- [What to do] Pictures in the listing below are skipped, while the lines from the "Click for More" line through the "着なくなったセーターを使って" line are returned word for word.

- [Records to use]

________

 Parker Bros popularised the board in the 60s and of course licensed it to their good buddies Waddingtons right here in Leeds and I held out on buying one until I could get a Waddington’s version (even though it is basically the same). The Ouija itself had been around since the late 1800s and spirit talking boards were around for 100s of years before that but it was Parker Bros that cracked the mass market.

________

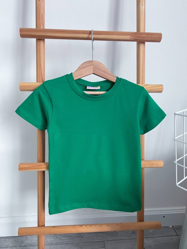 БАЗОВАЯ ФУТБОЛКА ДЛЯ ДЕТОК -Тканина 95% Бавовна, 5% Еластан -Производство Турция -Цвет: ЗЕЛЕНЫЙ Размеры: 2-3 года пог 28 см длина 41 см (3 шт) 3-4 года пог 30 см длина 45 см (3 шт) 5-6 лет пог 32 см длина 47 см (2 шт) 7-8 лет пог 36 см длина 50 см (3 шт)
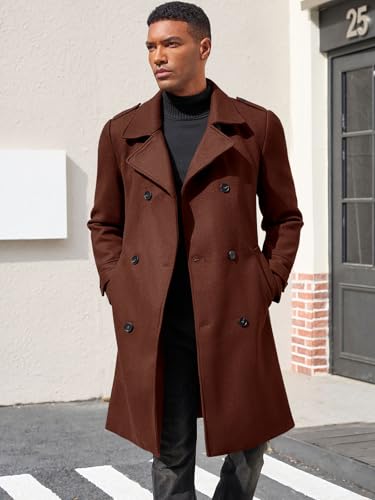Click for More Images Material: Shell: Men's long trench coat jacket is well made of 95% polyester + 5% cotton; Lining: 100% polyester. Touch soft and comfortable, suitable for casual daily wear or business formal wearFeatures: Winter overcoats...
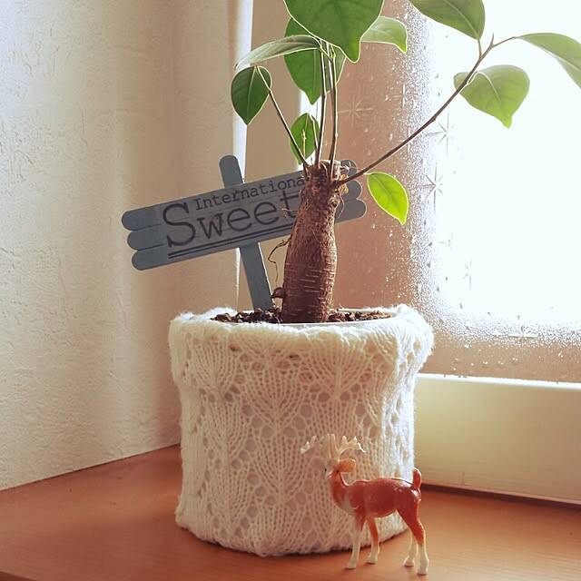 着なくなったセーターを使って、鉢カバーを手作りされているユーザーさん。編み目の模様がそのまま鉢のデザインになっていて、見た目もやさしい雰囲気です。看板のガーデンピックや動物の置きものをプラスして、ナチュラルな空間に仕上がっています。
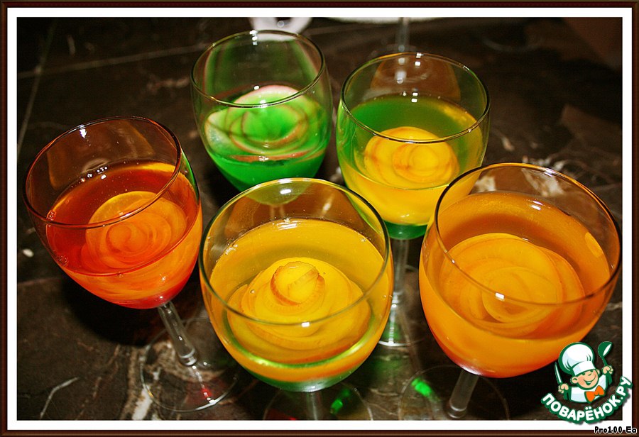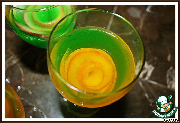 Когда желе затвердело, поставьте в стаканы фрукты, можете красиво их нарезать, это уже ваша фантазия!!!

________

- [Solved exercise]
Click for More Images Material: Shell: Men's long trench coat jacket is well made of 95% polyester + 5% cotton; Lining: 100% polyester. Touch soft and comfortable, suitable for casual daily wear or business formal wearFeatures: Winter overcoats...
 着なくなったセーターを使って、鉢カバーを手作りされているユーザーさん。編み目の模様がそのまま鉢のデザインになっていて、見た目もやさしい雰囲気です。看板のガーデンピックや動物の置きものをプラスして、ナチュラルな空間に仕上がっています。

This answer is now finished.